Deduplication Best Practices
Review the following best practices before using deduplication.
Installation and Configuration
Installing Software Updates
When installing updates or patches in a deduplication-enabled setup, ensure all deduplication-enabled jobs are either suspended or stopped prior to installing the updates or patches. This will prevent accidental sealing of deduplication databases due to services being stopped when data protection operations are in progress.
Space Requirements for Deduplication Database
The following calculations can be used to approximately determine the amount of space required for the deduplication database:
(0.2 * Number of blocks above the deduplication size threshold to be backed up on the mount path (KB))
- If a client has 100 files to be backed up
- With a schedule of every day full backup
- For 30 days
Then the size of deduplication database should be:
(0.2 * 100 * 30) = 600 KB
This size is the maximum space required for the deduplication database. The deduplication database size might be much smaller if there is significant deduplication during backups.
Hence in the above example, if the 100 files do not change at all, then the amount will be (0.1*100*30) KB = 300 KB.
Deduplication Building Block Guide
Building block guide illustrates how to choose the right number of deduplication nodes depending on your environment, storage requirements and the production data size. Choosing right deduplication model will allow you to protect large amount of data with minimal infrastructure, faster backups and better scalability.
For more information, see Deduplication Building Block Guide.
Determining Number of Partitions for Deduplication Database
Depending upon your environment and the application data size, we recommend you to choose the right number of partitions for a deduplication database during storage policy creation.
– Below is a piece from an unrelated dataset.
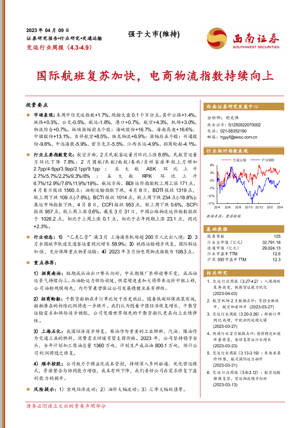 【西南证券】【20230409】交运行业周报:国际航班复苏加快,电商物流指数持续向上-20页

Choosing right number of partition involves several important factors such as:
- Application Data Size or Front-End Terabytes (FET) -Size of data (Files, Databases, Mailboxes and so on) on client computer that needs to be backed up.
- Backup Windows - Time allotted to protect the application data.
- Daily Change Rate - Change rate in the application data size.
- Retention Period - How long the data is to be kept before aging off the system.
Considering the above factors, deduplication databases with single partition can be configured for environments where the FET is approximately 120 TB or less. This value (120 TB of application data) was considered based on the following assumptions. This database can scale up to a Back-End Terabytes (BET) size of 200 TB of unique data on the disk library.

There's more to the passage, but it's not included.